MATERIAL PROVIDED:
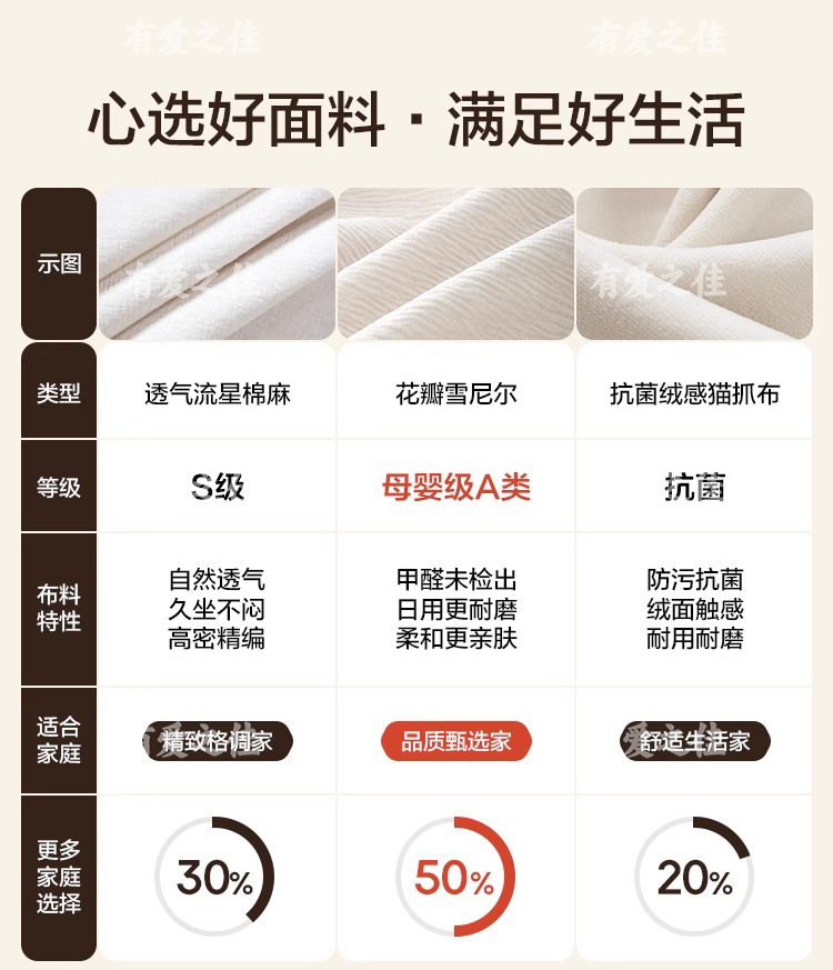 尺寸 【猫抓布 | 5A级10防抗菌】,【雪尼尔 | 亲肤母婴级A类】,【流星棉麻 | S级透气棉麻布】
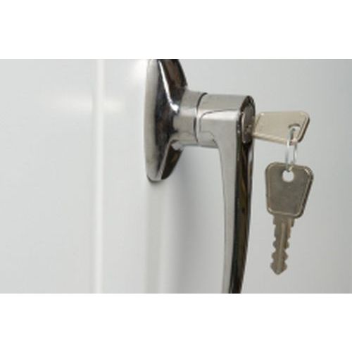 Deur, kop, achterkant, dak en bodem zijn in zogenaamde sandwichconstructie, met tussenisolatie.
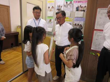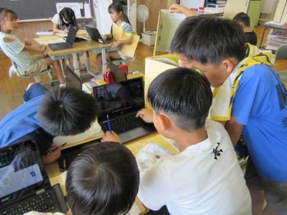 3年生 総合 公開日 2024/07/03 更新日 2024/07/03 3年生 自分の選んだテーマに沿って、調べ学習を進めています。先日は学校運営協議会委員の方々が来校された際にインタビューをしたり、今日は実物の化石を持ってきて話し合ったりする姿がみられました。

YOUR ASSIGNMENT: Nothing but the text of the listing should be set down, exactly, with the pictures left behind.

WRITTEN RESPONSE:
 尺寸 【猫抓布 | 5A级10防抗菌】,【雪尼尔 | 亲肤母婴级A类】,【流星棉麻 | S级透气棉麻布】
 Deur, kop, achterkant, dak en bodem zijn in zogenaamde sandwichconstructie, met tussenisolatie.
 3年生 総合 公開日 2024/07/03 更新日 2024/07/03 3年生 自分の選んだテーマに沿って、調べ学習を進めています。先日は学校運営協議会委員の方々が来校された際にインタビューをしたり、今日は実物の化石を持ってきて話し合ったりする姿がみられました。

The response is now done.